1. Simplify the expression for P: The given expression for P is: $P = \frac{5}{\frac{1}{\log_2 x} + \frac{1}{\log_3 x} + \frac{1}{\log_4 x} + \frac{1}{\log_5 x}}$ Using the change of base formula for logarithms, $\frac{1}{\log_b a} = \log_a b$ , we can rewrite each term in the denominator: $\frac{1}{\log_2 x} = \log_x 2$ $\frac{1}{\log_3 x} = \log_x 3$ $\frac{1}{\log_4 x} = \log_x 4$ $\frac{1}{\log_5 x} = \log_x 5$ Substitute these back into the expression for P: $P = \frac{5}{\log_x 2 + \log_x 3 + \log_x 4 + \log_x 5}$ Now, use the product rule for logarithms, $\log_a M + \log_a N = \log_a (MN)$ : $P = \frac{5}{\log_x (2 \times 3 \times 4 \times 5)}$ Calculate the product in the argument: $2 \times 3 \times 4 \times 5 = 6 \times 20 = 120$ . So, the expression for P becomes: $P = \frac{5}{\log_x 120}$ Apply the change of base formula again, $\frac{1}{\log_b a} = \log_a b$ : $P = 5 \log_{120} x$

2. Solve the given equation for P: The given equation is $(120)^P = 32$ . To solve for P, take the logarithm with base 120 on both sides of the equation: $\log_{120}((120)^P) = \log_{120} 32$ Using the power rule for logarithms, $\log_b (M^n) = n \log_b M$ , and the property $\log_b b = 1$ : $P \log_{120} 120 = \log_{120} 32$ $P \times 1 = \log_{120} 32$ $P = \log_{120} 32$

3. Equate the two expressions for P and solve for x: We have two expressions for P: From step 1: $P = 5 \log_{120} x$ From step 2: $P = \log_{120} 32$ Equating them: $5 \log_{120} x = \log_{120} 32$ Apply the power rule for logarithms to the left side: $\log_{120} (x^5) = \log_{120} 32$ Since the bases of the logarithms are the same, their arguments must be equal: $x^5 = 32$ We know that $2^5 = 32$ . Therefore, $x = 2$ .

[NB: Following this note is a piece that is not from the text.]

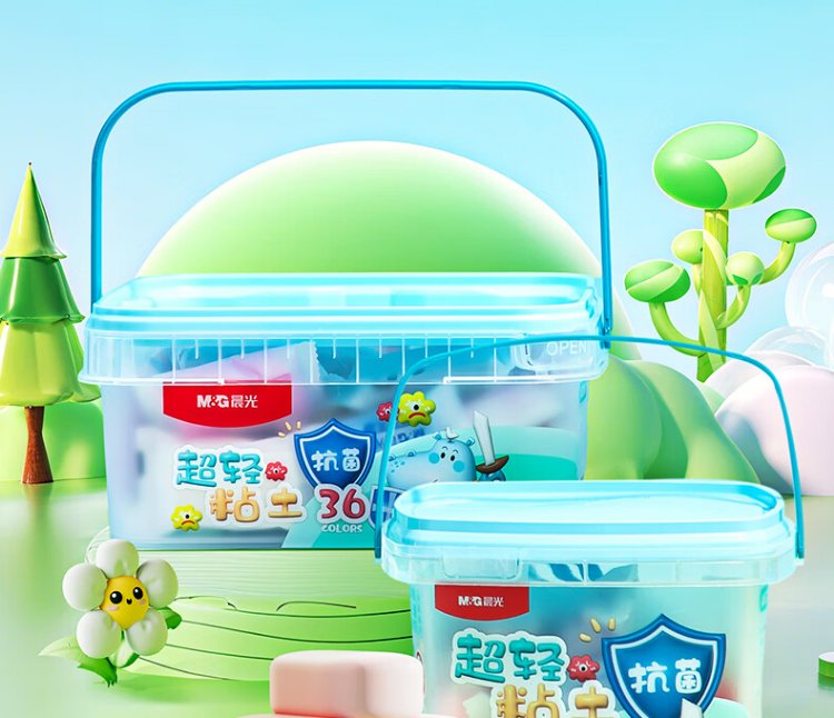 M&G antibacterial series barreled 24 colors + 6 bags of ultra-light clay, children's super color clay, non-toxic plasticine clay, kindergarten primary school students' handmade DIY toys, birthday and school gifts

4. Check domain restrictions: For the original logarithmic terms $\log_b x$ to be defined, $x$ must be greater than 0 ( $x > 0$ ). Also, for the terms $\frac{1}{\log_b x}$ to be defined, $\log_b x$ cannot be zero, which means $x \neq 1$ . Our solution $x=2$ satisfies both conditions ( $2 > 0$ and $2 \neq 1$ ).